Could you output, word for word, only the lines from the line with "EL CORTE INGLES" to the end of the entries, including both ends? Omit the pictures.

*** GIVEN ENTRIES Section Begins ***

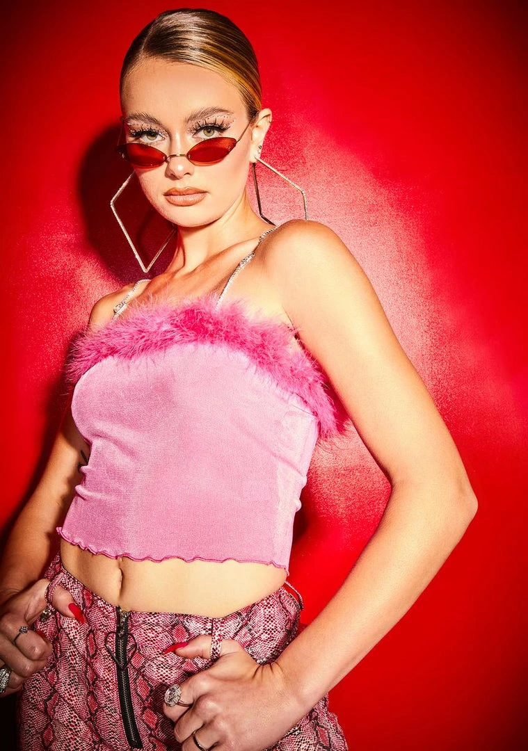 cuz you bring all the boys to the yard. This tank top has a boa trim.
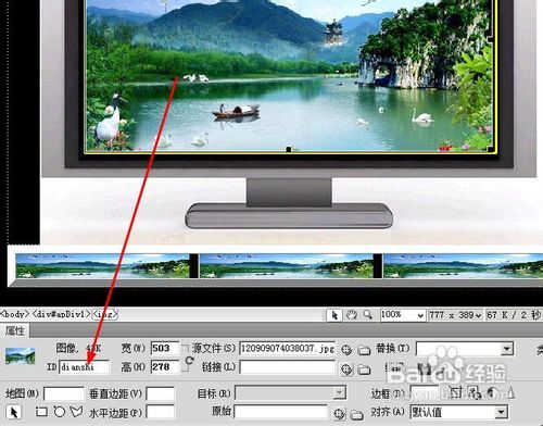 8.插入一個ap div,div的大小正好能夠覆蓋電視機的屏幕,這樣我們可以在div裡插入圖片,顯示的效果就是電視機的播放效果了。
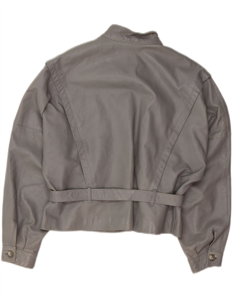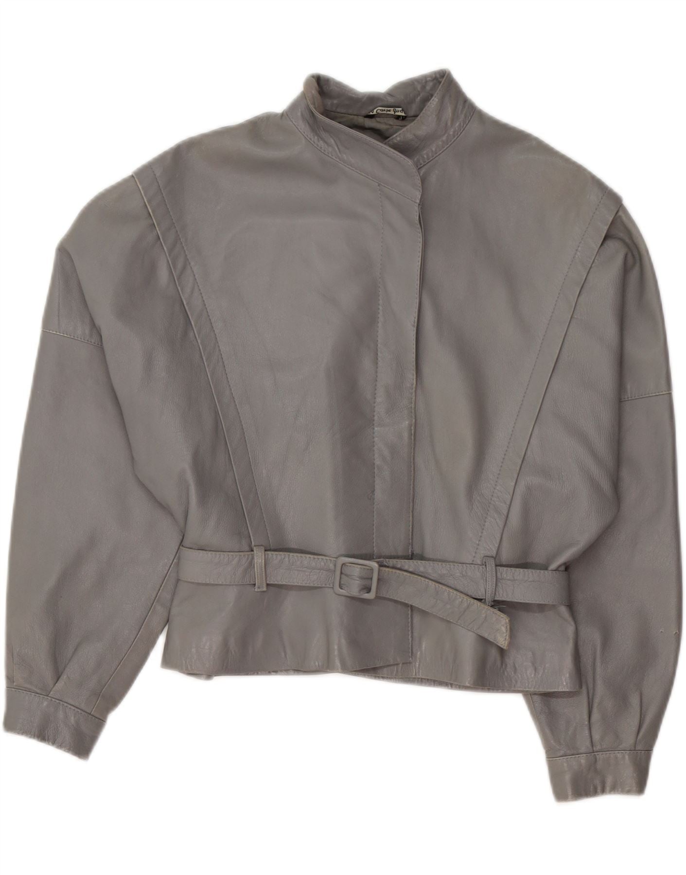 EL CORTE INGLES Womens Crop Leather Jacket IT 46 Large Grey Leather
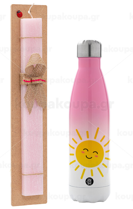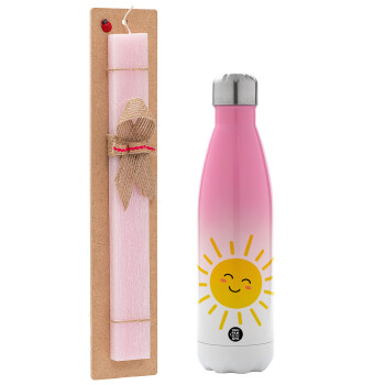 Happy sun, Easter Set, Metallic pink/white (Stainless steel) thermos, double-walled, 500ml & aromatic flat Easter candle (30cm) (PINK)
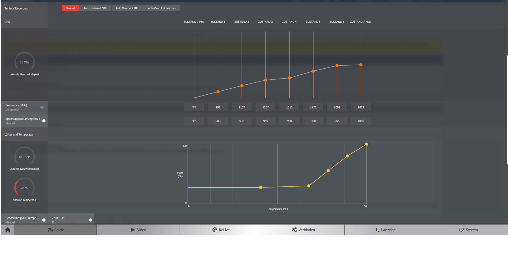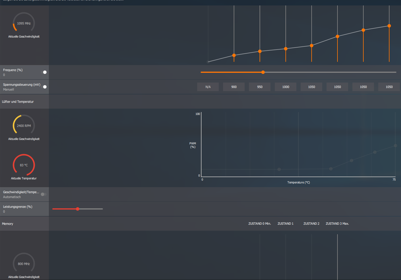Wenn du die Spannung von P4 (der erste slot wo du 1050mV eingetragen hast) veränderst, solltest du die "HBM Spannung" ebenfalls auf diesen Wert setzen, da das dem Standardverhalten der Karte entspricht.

*** GIVEN ENTRIES Section Ends ***

-- EXERCISE OUTPUT --
 EL CORTE INGLES Womens Crop Leather Jacket IT 46 Large Grey Leather
 Happy sun, Easter Set, Metallic pink/white (Stainless steel) thermos, double-walled, 500ml & aromatic flat Easter candle (30cm) (PINK)
Wenn du die Spannung von P4 (der erste slot wo du 1050mV eingetragen hast) veränderst, solltest du die "HBM Spannung" ebenfalls auf diesen Wert setzen, da das dem Standardverhalten der Karte entspricht.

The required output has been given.